"Good morning!" I said to the team during our weekly kick-off daily standup. What happened just a few minutes later, with an uncontrollable intensity, was something I absolutely did not anticipate.
Two months into my role at Forter, my calendar was packed to the brim, and my to-do list was never-ending. Even though I was giving 300%, I still felt like I was constantly chasing something. My eye had started twitching occasionally, but just a little. Probably nothing to worry about. I kept running.
During that weekly daily standup, we all gathered as usual. As each person shared something good, something bad, and what they were working on today, my eye started twitching incessantly, in a way that was impossible to ignore. A thought flashed through my mind: Does the team notice this? Is this weird? What should I do? I tried to listen, but mostly I just managed to hear. Then, a muscle in my arm started twitching involuntarily... Shit, here it comes.
I walked out of that standup, barely registering what had been said, but holding it all together, acting as if everything was normal and nothing required stopping.

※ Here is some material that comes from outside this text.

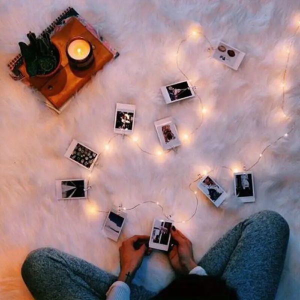 Ліхтарики з прищіпками для фотографій можна вставити в вазу або використовувати для підвішування фотографій у спальні, на весіллях, різдвяних або день народження.

But once I was out, I realized I couldn't keep going like this. My body was signaling that something was wrong, and I knew it because I had overcome similar things in the past. But here it was again... What to do? I definitely couldn't continue this way... but... how could I change?
My Group Manager, Asaf, was a genuinely pleasant and interesting person to talk to, and I had a strong connection and trust with him. We had a weekly 1:1 scheduled, so the timing was perfect to discuss this issue. I felt vulnerable. I was afraid to say that even though it looked like I was running and getting into things at 300%, I was actually getting burned out and risked crashing. At least, that's what my body was signaling.

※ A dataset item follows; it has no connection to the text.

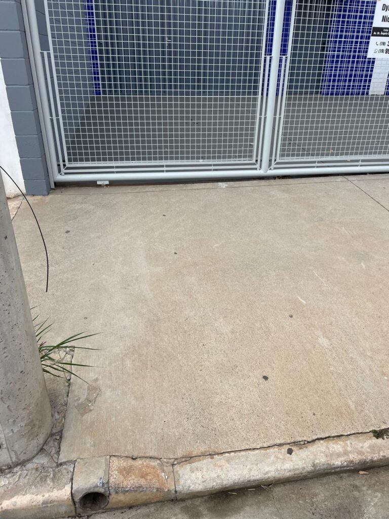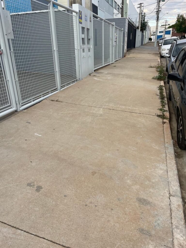 FACHADA-: Calçada revestida de concreto desempenado com desgastes naturais, pequenas marcas, mato pequeno aparente e restante está em ordem, 01 tampa de inspeção na cor vermelha com pequeno racho restante em ordem, parede de alvenaria com pintura na cor cinza com desgastes naturais que restante em ordem, 01 cavalete de água padrão sanasa, com tampa e lacre em ordem, com 01 hidrômetro padrão sanasa em ordem, 01 portão de grade com pintura na cor cinza, com trinco para cadeado com proteção em ordem, 01 espelho de luz com 01 interruptor em ordem.

Nevertheless, I decided to put it on the table with him. It wasn't an easy conversation, but we went deep. He also shared a personal story from a different context that deepened my empathy and trust. I saw how much he wanted me to succeed. We moved from a difficult conversation to a practical plan—a new way of working to overcome the cause of the overload and figure out where the most important areas of focus were. I had a very active part in that solution, and the most crucial element was feeling supported. I felt like I was working with a manager who knew how to say, "You know what? We went in the wrong direction. Let's change it and adjust."

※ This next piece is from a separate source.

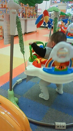 おもちゃコーナーに行って、「ベビーフォレストジャングルパルー」ってやつに乗せてみる。

Feeling so comfortable, I had similar conversations with our Group Director (Mishori). I felt another layer of support. How great it is to have managers you can talk to. How great that I dared to be so authentically direct.
What happened to the eye twitches? They vanished within a few days, as if they were never there. The body understood after a while what the head and heart grasped in that moment.
This was a level of honesty I hadn't reached before, and I felt I had made another leap in my ability to express difficult things that weren't working, instead of just projecting business as usual. The relationship with my managers deepened, and suddenly we could talk about other "elephants in the room" throughout the nearly year and a half we worked together, where challenges inevitably arose.
Since then, I have continued to delve into this topic, looking inward, daring to stay in the discomfort or difficulty (long before the body starts speaking and the eye twitches), asking questions, understanding how I feel, and taking command of what I do. Beyond enabling me to become a manager who knows how to spot similar things in others and feels comfortable discussing them, it allowed me to work on things objectively, without having to set emotions aside.